Conservation : Le parc national de Kahuzi Biega et le défi de la cohabitation avec les peuples autochtones pygmées

Le parc national de Kahuzi Biega (PNKB), dans la province du Sud-Kivu (RD Congo), est l’un des aires protégées qui connaissent des problèmes de cohabitation avec les communautés riveraines. Cette aire protégée de l’ICCN (Institut congolais pour la Conservation de la Nature) a été souvent au cœur des conflits récurrents de cohabitation entre les peuples autochtones pygmées et le parc.

Au cœur de ce conflit, se trouve la fameuse question de dépossession des communautés pygmées de leurs terres ancestrales, sans en être indemnisées.

Dans une interview exclusive accordée à Environews TV, le directeur provincial de l’ICCN Sud-Kivu, et directeur du parc national de Kahuzi Biega, Dedieu Byaombe a éclairé l’opinion sur l’origine de ce conflit et la solution qui a amené le parc les peuples autochtones pygmées à cohabiter.

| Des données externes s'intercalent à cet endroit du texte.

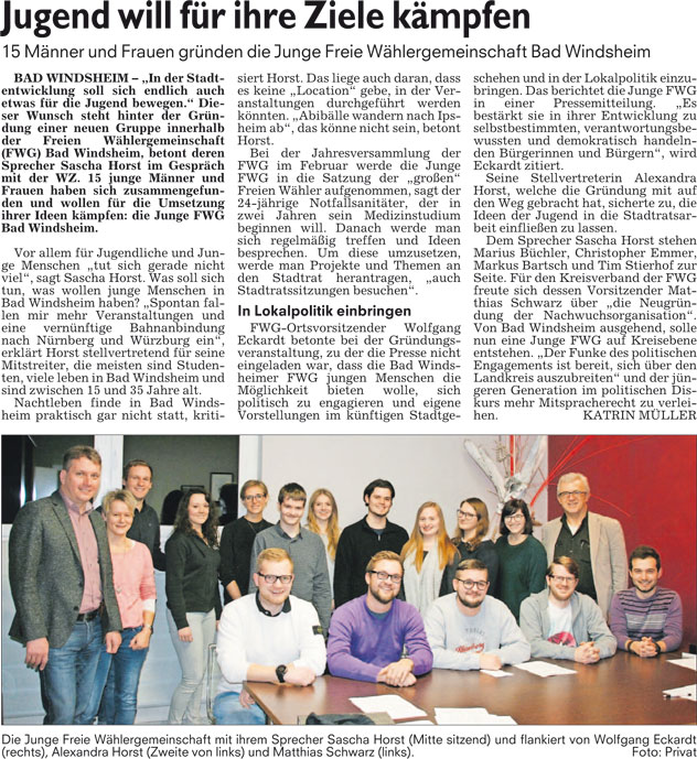 WZ 13./14. 1. 2018 "Jugend will für ihre Ziele kämpfen"
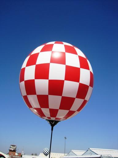 Keywords: balloon checkered red white blocks pattern repetition floating sky
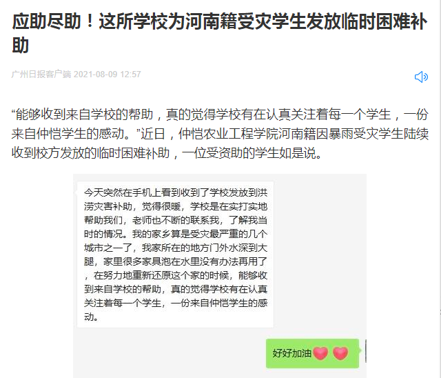 记者从仲恺农业工程学院了解到,该校第一时间启动应急救助机制,设立因洪涝灾害致困学生临时困难专项补助,为河南籍因暴雨受灾学生每人发放2000元临时困难补助。
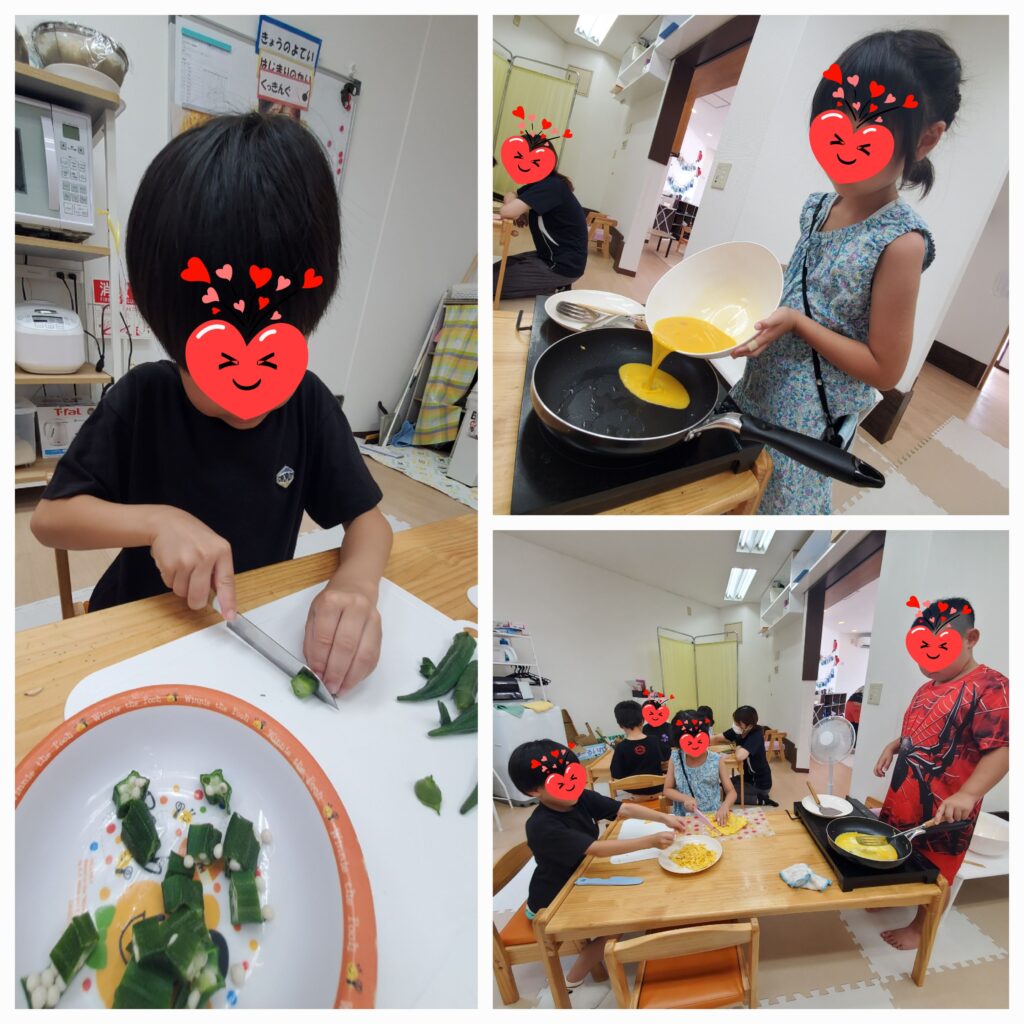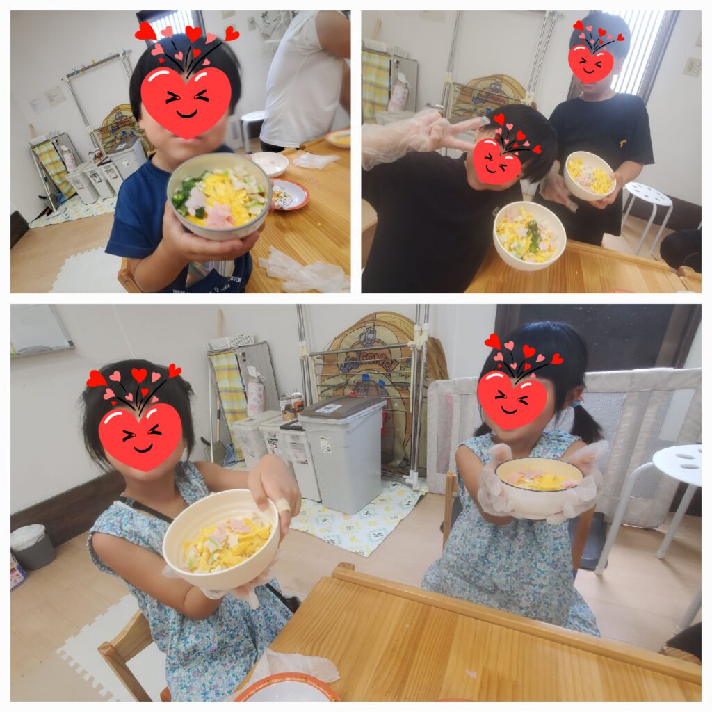 おにぎり、フルーツポンチも美味しく出来ています~😊最近ますます、みんなの料理の腕が上がってるな~😝「きらい~食べれない~」と言っていた子もワイワイ楽しく作ると少しずつ食べれるようになるんですよね~😋

« Je suis d’accord lorsqu’on dit que les pygmées sont riverains de Kahuzi Biega. Mais pas d’accord lorsqu’on dit qu’ils ont été chassés de Kahuzi Biega », a indiqué Monsieur Byaombe. « En 1970, quand le parc a été créé, comme c’est une aire protégée de catégorie 2, on a interdit l’accès aux ressources aux peuples autochtones pygmées. Dire qu’ils ont été déguerpis, je dis non !».

L’humanisme comme solution efficace

L’humanisme est le 3ème pilier de la politique de l’ICCN. Cette politique menée par l’actuel comité de gestion de cet établissement public, veut remettre l’homme au centre de tout effort de conservation. Pour ce faire, la conservation communautaire se présente aujourd’hui comme une solution qui permet de conserver pour et par l’homme. Les peuples pygmées autour de ce parc font partie intégrante de cette stratégie.

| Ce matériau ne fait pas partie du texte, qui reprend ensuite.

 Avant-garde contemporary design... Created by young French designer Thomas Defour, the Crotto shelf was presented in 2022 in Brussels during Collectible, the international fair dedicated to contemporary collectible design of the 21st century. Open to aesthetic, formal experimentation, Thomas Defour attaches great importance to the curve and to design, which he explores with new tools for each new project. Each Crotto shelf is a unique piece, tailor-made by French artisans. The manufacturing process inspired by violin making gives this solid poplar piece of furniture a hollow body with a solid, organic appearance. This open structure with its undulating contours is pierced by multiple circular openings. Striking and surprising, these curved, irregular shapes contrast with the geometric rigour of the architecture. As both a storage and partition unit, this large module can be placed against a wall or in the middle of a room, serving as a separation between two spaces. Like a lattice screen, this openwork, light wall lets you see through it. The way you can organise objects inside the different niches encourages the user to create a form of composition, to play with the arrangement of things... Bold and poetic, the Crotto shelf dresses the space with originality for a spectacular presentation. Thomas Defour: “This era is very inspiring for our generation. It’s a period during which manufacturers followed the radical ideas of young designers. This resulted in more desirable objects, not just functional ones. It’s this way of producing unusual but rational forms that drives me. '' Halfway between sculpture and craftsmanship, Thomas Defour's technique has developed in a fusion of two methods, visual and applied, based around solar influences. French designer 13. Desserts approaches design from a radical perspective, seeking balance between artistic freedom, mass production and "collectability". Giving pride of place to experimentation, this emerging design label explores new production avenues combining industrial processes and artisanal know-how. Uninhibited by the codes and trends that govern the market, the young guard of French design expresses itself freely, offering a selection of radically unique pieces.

« Nous travaillons pour améliorer les aspects socio-économiques de ces communautés. Il y’a des activités alternatives qui sont en train d’être développées, notamment l’élevage, l’agriculture durable etc. Nous venons de distribuer des semences améliorées à plus de 8 mille ménages », a précisé le directeur provincial de l’iCCN.

Le chef de site de Kahuzi Biega a par ailleurs déploré la manipulation dont sont victimes certaines familles de pygmées, qui servent de bouclier pour les groupes armés qui opèrent dans ce parc.  

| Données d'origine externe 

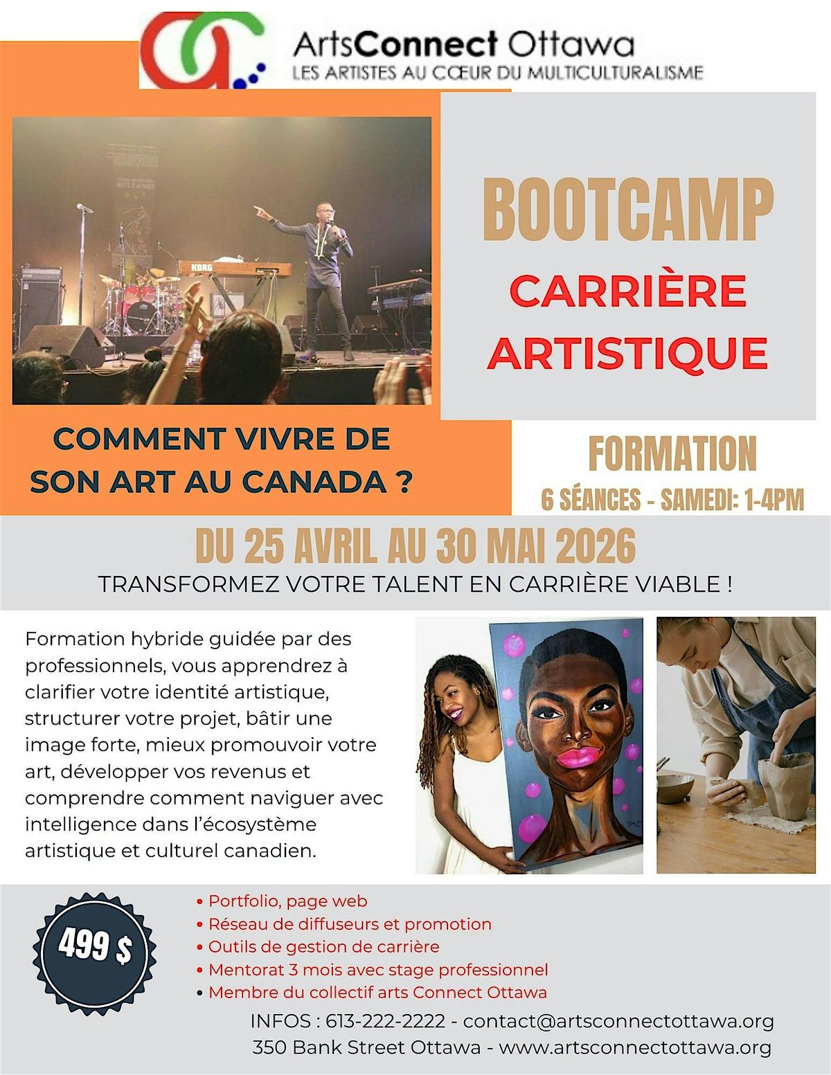 Formation hybride guidée par des professionnels, vous apprendrez à clarifier votre identité artistique, structurer votre projet, bâtir une image forte, mieux promouvoir votre art, développer vos revenus et comprendre comment naviguer avec intelligence dans l’écosystème artistique et culturel canadien.

Scolariser les enfants pygmées

Parmi les solutions qui renforcent la cohabitation, il y a notamment la collaboration franche entre le parc et les communautés pygmées autour de celui-ci. Cette collaboration a permis à ce que le parc national de Kahuzi Biega puisse promouvoir la scolarité des enfants pygmées.

« L’année passée, nous avons scolarisé près de 700 enfants pygmées. Le parc a payé les frais scolaires du primaire jusqu’à l’université. Actuellement, nous sommes au cap des 1500 enfants pygmées scolarisés », a informé le chef de site.

Cette approche favorise l’émergence d’une nouvelle classe de ce peuple longtemps marginalisé. « Aujourd’hui, si vous demandez au pygmée, ils vous diront qu’il n’y a pas de problème avec le parc. Nous avons mis en place ensemble, un cadre de dialogue qui nous permet chaque mois de nous réunir et de discuter de nos besoins », a-t-il rassuré.

Notons par ailleurs que le parc national de Kahuzi Biega est situé à cheval sur le Rift Albertin et le Bassin du Congo. Il est un habitat exceptionnel pour la protection de la forêt tropicale et des gorilles des plaines orientales, Gorilla beringei graueri. Il s’étend sur 600 000 ha. On y trouve des forêts denses humides de plaine ainsi que des forêts afro-montagnardes, avec des forêts de bambous et quelques petites zones de prairies subalpines et de bruyères sur les monts Kahuzi (3 308 m) et Biega (2 790 m).